EEVblog Electronics Community Forum
Products => Computers => Programming => Topic started by: madires on November 01, 2021, 01:44:42 pm
-
Unicode can hide a trojan in plain sight in your source code:
- CVE-2021-42574 and CVE-2021-42694
- info and whitepaper: https://trojansource.codes/
- examples: https://github.com/nickboucher/trojan-source
-
This should come as no surprise to anyone with a soupçon of imagination. Shades of "Reflections on Trusting Trust" but without the true cunning that that exploit involved.
-
I'm thinking it is not that bad. All this stuff falls apart pretty fast with variety of editors and review tools. In the browser I noticed no issues at all. In my editor only examples for which GitHub complained about bidirectional Unicode text did something. And all they did was move some text to the right, which is pretty obvious and quite jarring. Some of those things broke syntax highlighting in obvious ways.
When taking non-trivial amounts of code from other places, there may be a trojan in plain ASCII.
-
We live in the age of vulnerabilities with their own brands and domains!

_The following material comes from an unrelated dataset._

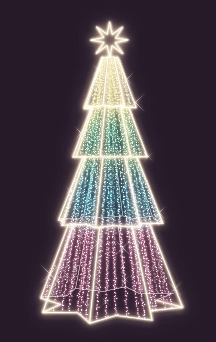 Световая ель СК-201-25 — это масштабная архитектурная фигура, созданная для оформления улиц, парков, торговых и общественных пространств в праздничный сезон. Высота 6 метров делает её видимой издалека — она мгновенно притягивает внимание, формирует атмосферу праздника и становится центральным элементом оформления.
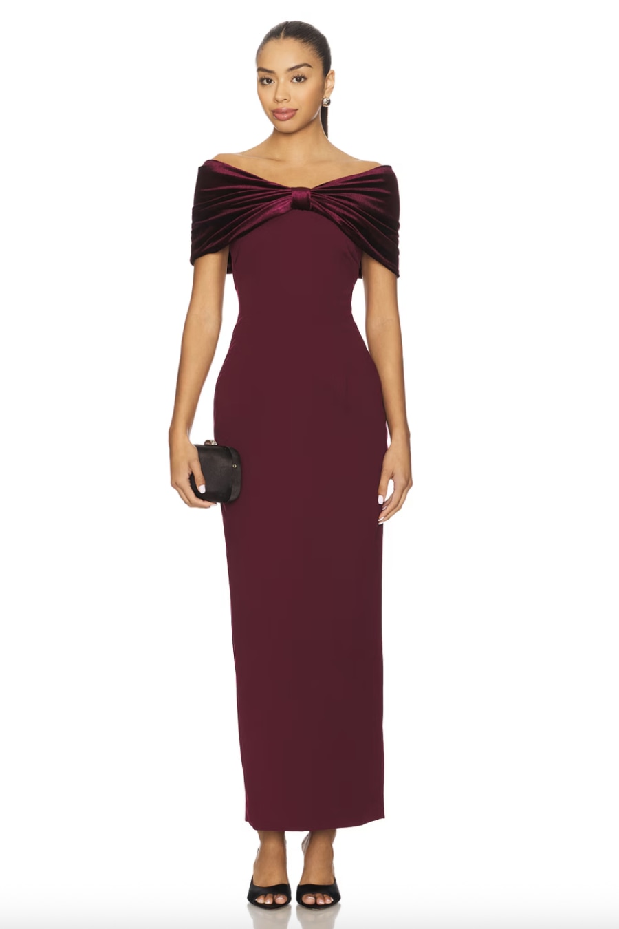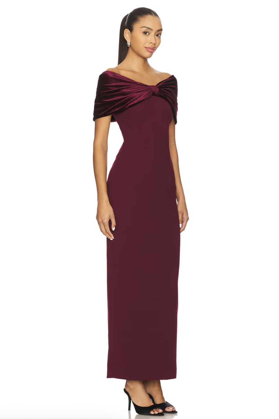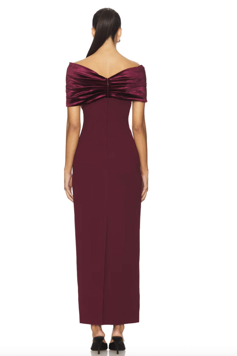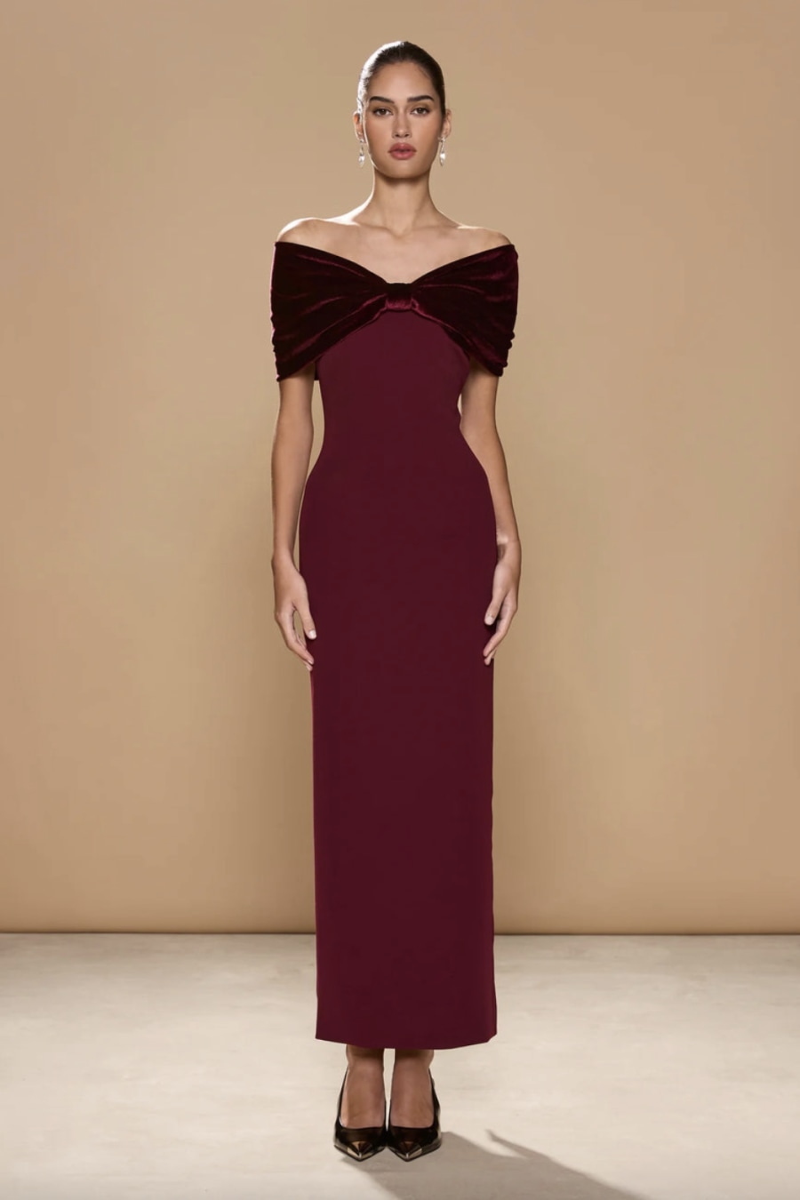 Designed in a richly merlot hue, the Belluno is made for a moment. Featuring a graceful oversized off-the-shoulder velvet bow design with a fitted bodice, it creates an ultra-flattering column silhouette.

While interesting, worth knowing and certainly something to address, be aware the problem is not new. That class of issues has been known for years. “TrojanSource” advances the technique a bit, making the attack slightly easier to conduct. But it shouldn’t be perceived as some completely new thing or the end of the world.
A simple example in the attachment. Replacing characters in variables with look-alikes or making different variable names undistinguishable to human reader is another common way of performing such an attack.